Aside from languages and traveling, I love cooking international food. In my kitchen, you will find everything from fish sauce to chili powders and tortillas – a full range of things really.
We are pretty serious hikers. Although, I’m not sure we qualify as serious hikers in Switzerland or at least not yet. We enjoy long vigorous walks! These beautiful long days with all the accessible outdoor activities are such a treat.
I also read widely and love music, art and architecture.
“In order to foster collective inquiry we have to frame questions in a way that leaves open all sorts of possibilities, doesn’t shut down thinking or make certain things off limits for discussion.”
Do you have any personal goals for the next 10 years?
Well, certainly we will have completed A2 level German by October.
I want us to travel throughout Europe, Africa, and Scandinavia – we’ve spent a lot of time in Western Europe, but to be so close to Prague or Croatia is awesome. We want to spend as much time as possible in the natural world. If we were in the Adirondacks, we might have a target for a certain number of peaks to climb, but we haven’t yet figured out a way to measure our hiking here.
Professionally, I’m working to understand how the phrasing of questions impacts an answer. In order to foster collective inquiry we have to frame questions in a way that leaves open all sorts of possibilities, doesn’t shut down thinking or make certain things off limits for discussion. I hope to have time to think about that more and understand how it impacts the education we are providing.
What is the future of education, what are the challenges for children, and how are you helping them deal with these challenges?
That is such a complex question. One of the challenges is to figure out the balance between fostering individual exploration at the same time as reinforcing a shared learning experience.
For so long, educators believed that there was a conveyor belt to put children on at five years old and they exited at 18 to get on another belt for four years. For some children that will be the path that they take. However, for an increasing number of children their interests and access to information cause them to foray into different areas, whether they get obsessed with coding or the xylophone or whatever. They might develop high levels of mastery disproportionate to that of their peers in these areas, meaning their pathway needs to become more differentiated. This challenges a school to create pathways that allow children to leapfrog over the content that’s perceived as appropriate by age if that child has already mastered it. The temptation is to send an advanced child off to do some additional online courses, but it has got to be more individualized than that.
At the same time, schools–especially international schools–have the opportunity to foster individual growth and development, while also preparing students as active agents for positive change within the global community and the communities they will become part of. The exciting opportunity we find in international schools is that we can help each child value his or her own cultural heritage and languages, while ensuring each also learns to be knowledgeable and respectfully curious about the perspectives and experiences of others. Having peers from around the world brings nations and cultures to life in a very real way, and makes for a vibrant learning community.
Another of the biggest challenges we face as schools – particularly in the social media age in which everything is amplified to the extremes – is mitigating anxiety and helping students thrive personally.

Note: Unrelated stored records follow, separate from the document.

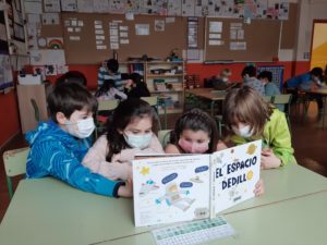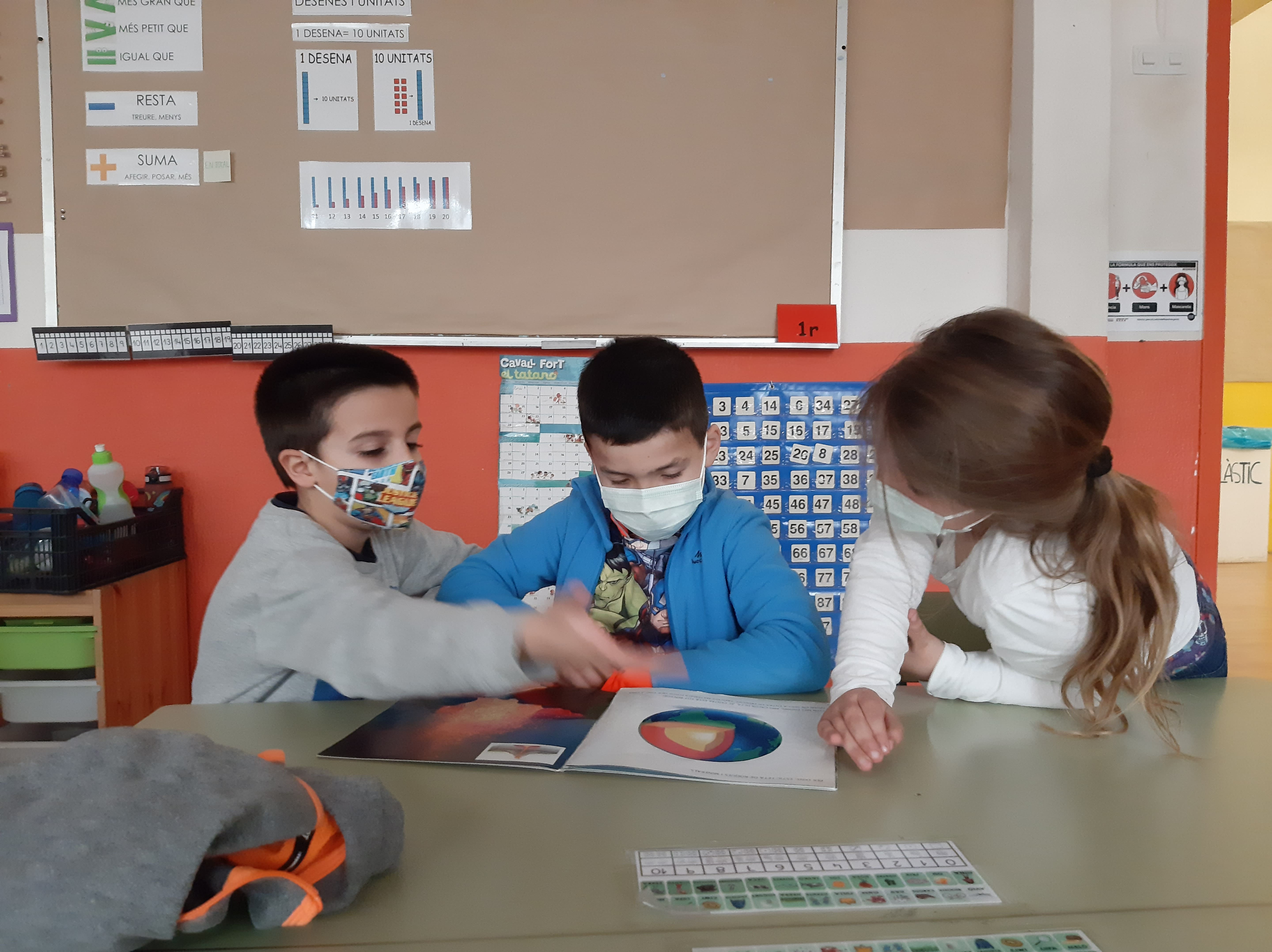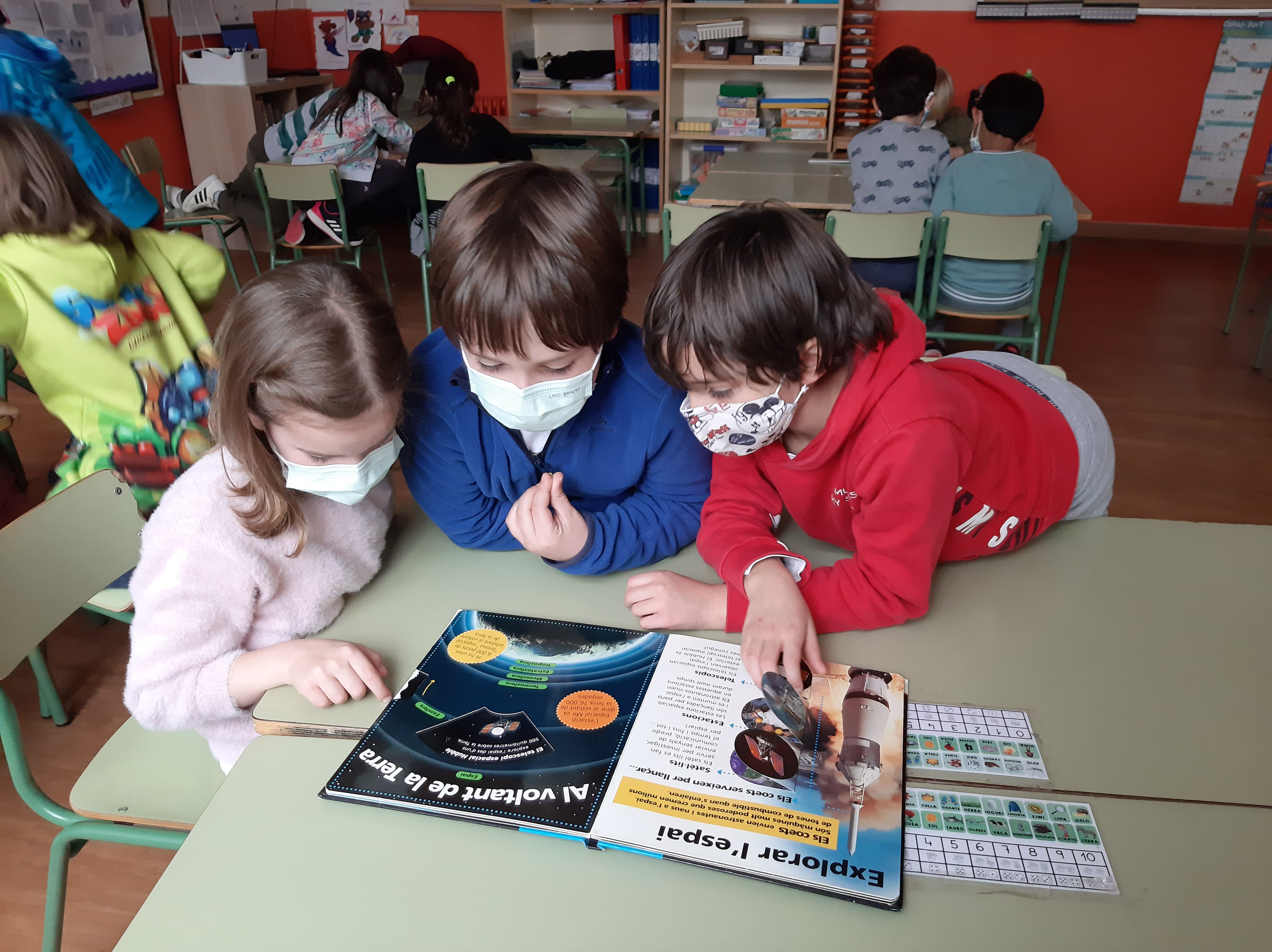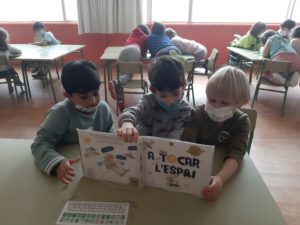 Per incentivar debat, preguntes i coneixement previs, hem distribuit un llibre sobre la temàtica del projecte a cada grup-taula. Els nens i nenes s’han dedicat a mirar les imatges, llegir enunciats i conversar entre ells. Després hem posat en comú què ens ha cridat l’atenció i ens hem plantejat preguntes.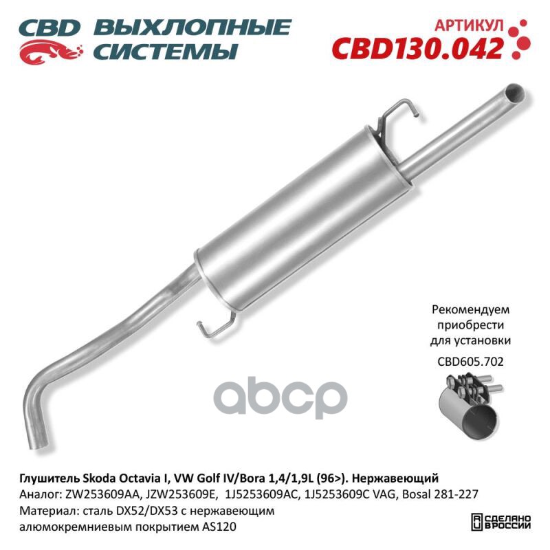 Глушитель CBD Skoda Octavia I VW Golf IV/Bora 14/19L 96- 1J5253609C нерж. сталь.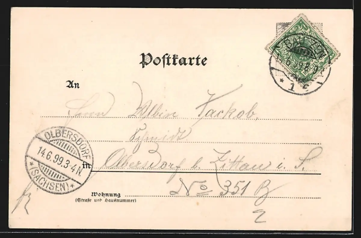 alte Ansichtskarte, gelaufen 1899, guter Zustand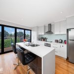 The sleek, contemporary kitchen is incorporated within the open-plan layout and comes fully equipped with top-of-the-line Smeg appliances. With a stone benchtop, ample bench space, and plenty of storage, this kitchen is both practical and beautiful, ideal for family meals or hosting guests.

We need to help students to be present, to understand their emotional and mental states, and to mitigate any problems. There is a remarkable program called a “responsive classroom”, in which educators ask kids questions about their emotions, give them language to use, accept whatever it is they need to share, and help them think about what their options are. We don’t formally have this program at ZIS, but we know we have a responsibility to foster well being alongside academic prowess, and the students at ZIS have an environment that helps develop these incredibly sophisticated tools and skills.
Thank you for your time!
Thank you so much. I wish you all the best.